Item #12954 [Four Real Photo Postcards Documenting the Destruction and Carnage in the Wake of the 1908 Springfield Race Riot]. Illinois, 1908 Springfield Race Riot.
[Four Real Photo Postcards Documenting the Destruction and Carnage in the Wake of the 1908 Springfield Race Riot].
[Four Real Photo Postcards Documenting the Destruction and Carnage in the Wake of the 1908 Springfield Race Riot].
[Four Real Photo Postcards Documenting the Destruction and Carnage in the Wake of the 1908 Springfield Race Riot].
Quartet of Stunning Images from the 1908 Springfield Race Riot

[Four Real Photo Postcards Documenting the Destruction and Carnage in the Wake of the 1908 Springfield Race Riot].

[Springfield, IL: 1908]. Four silver gelatin real photo postcards, each 3.5 x 5.5 inches, with caption titles printed in the negatives Minor silvering, light edge wear. With penciled date on each verso, "10-4-08," perhaps the date of the original owner's acquisition. Very good overall. Very good. Item #12954

A striking visual record capturing scenes of destruction in the aftermath of the 1908 Springfield Race Riot. The conflagration began like most other race riots -- with an African American man falsely accused of sexually assaulting a white woman (the accuser would later publicly recant her allegation, also not uncommon in these situations). The riot developed after the Springfield sheriff removed the accused African American prisoner and another Black man suspected of another crime from the jail and sent them to Bloomington, Illinois in an attempt to prevent mob violence. It didn't work. When the local white population heard the accused had been spirited away without their knowledge, they raged for two days. In the process, this white mob comprised of the "best citizens" of Abraham Lincoln's hometown lynched two African American men, injured scores of others, and destroyed about two dozen businesses and three or four dozen homes. The event directly contributed to the founding of the National Association for the Advancement of Colored People (NAACP). The present group highlights the carnage and murder, and are detailed as follows:

1) Mob Violence Springfield Aug - 08 [caption title]. We have had this postcard one time before, with manuscript annotations indicating that it pictures a "Negro home destroyed at time of Race Riot." The scene shows what little remains of an urban house razed to the ground, showing the smoldering ruins piled around a pair of narrow brick chimneys. Many African American homes and places of business were either burned or destroyed or both during the two-day spree.

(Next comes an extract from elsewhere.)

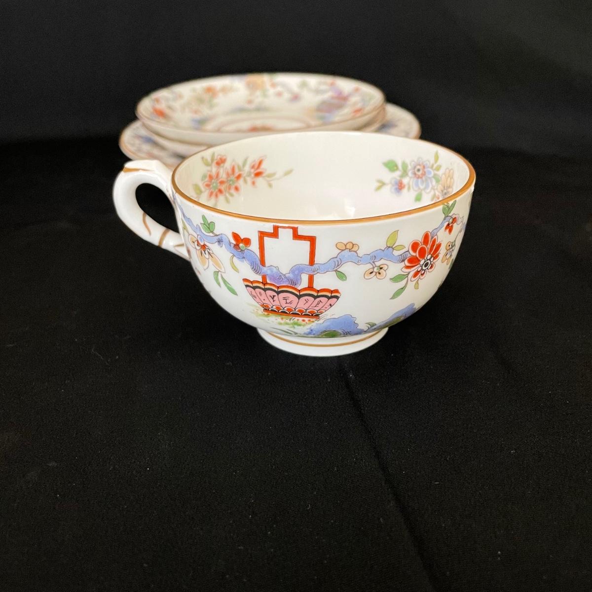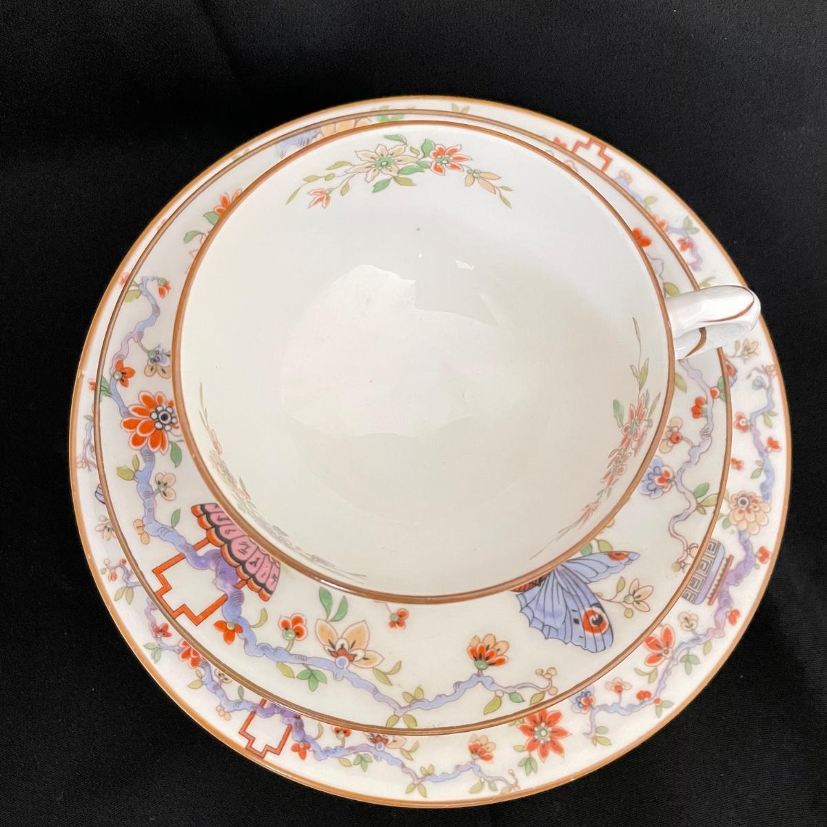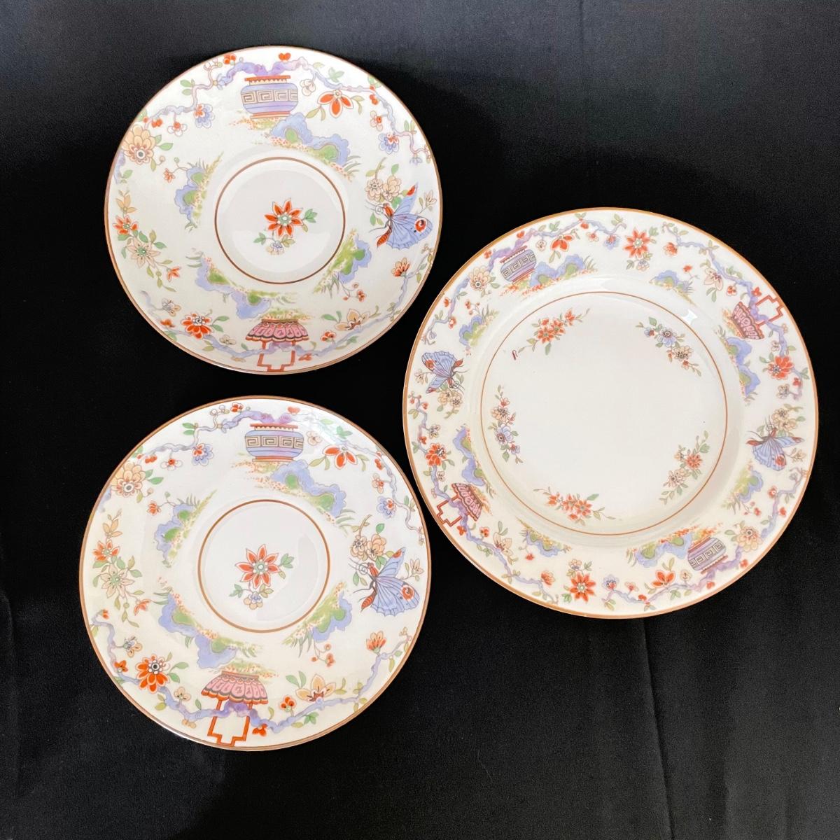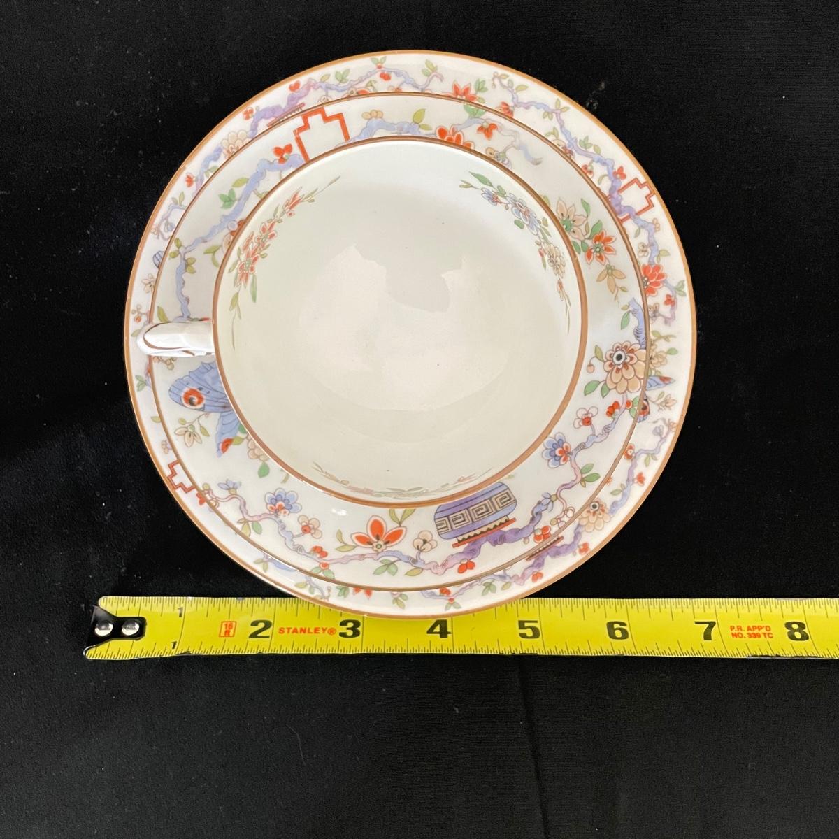 Beautiful set by Royal Worcester includes one teacup, two saucers and one plate just over 6” in diameter. See images. Shipping available.
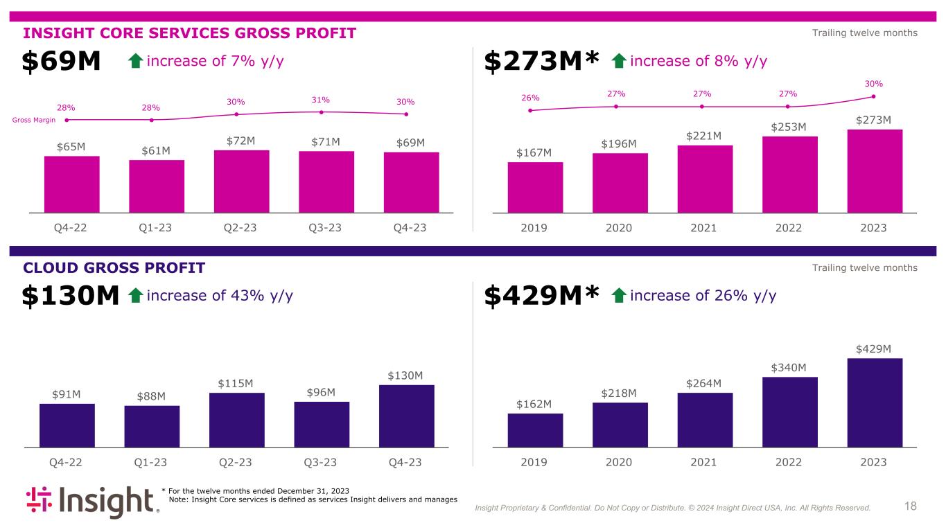Insight Proprietary & Confidential. Do Not Copy or Distribute. © 2022 Insight Direct USA, Inc. All Rights Reserved. 184 $69M INSIGHT CORE SERVICES GROSS PROFIT $130M CLOUD GROSS PROFIT increase of 43% y/y $273M* increase of 8% y/y * For the twelve months ended December 31, 2023 Note: Insight Core services is defined as services Insight delivers and manages $429M* increase of 26% y/y $65M $61M $72M $71M $69M Q4-22 Q1-23 Q2-23 Q3-23 Q4-23 $167M $196M $221M $253M $273M 2019 2020 2021 2022 2023 $91M $88M $115M $96M $130M Q4-22 Q1-23 Q2-23 Q3-23 Q4-23 $162M $218M $264M $340M $429M 2019 2020 2021 2022 2023 28% 28% 30% 31% 30% Gross Margin 26% 27% 27% 27% 30% Trailing twelve months Trailing twelve months increase of 7% y/y

2) Springfield Race War. Aug 08 [caption title]. Similar to the photo above, but with another house situated near railroad tracks, almost completely destroyed, with three of the outer brick walls still mostly intact and the inner portion of the house simply gone. Two figures stand to the left of the building, and appear to be National Guard soldiers.

3) Lopers Place After Riot Aug 08. Auto Burned. Springfield [caption title]. This photo pictures law enforcement officials and citizens posed outside Loper's Restaurant in Springfield. The establishment belonged to Harry T.  Loper, a wealthy local businessman and owner of one of the only cars in town. Loper had driven the two African American men away from Springfield at the behest of the police and was met with an angry mob upon his return. In short order, the mob began to throw bricks through the windows of Loper's restaurant and proceeded to destroy the place. They also burned Loper's car. All of this can be seen in the present image.

4) Tree Where Burton Was Hanged by Mob Springfield Aug 08 [caption title]. The most grim of the four photographs, it pictures just what it says, taken from across the street at the corner of Madison and Twelfth streets, and with a few men and children standing next to the tree and staring at the photographer. This is the site where the riotous mob lynched Scott Burton, a 65-year-old local African American barber, in a heinously barbarous manner. The mob then burned down Burton's barbershop and later chopped up the tree where they hanged him and kept pieces of it as souvenirs.

Contemporary photographic relics of the 1908 Springfield riot are exceedingly rare.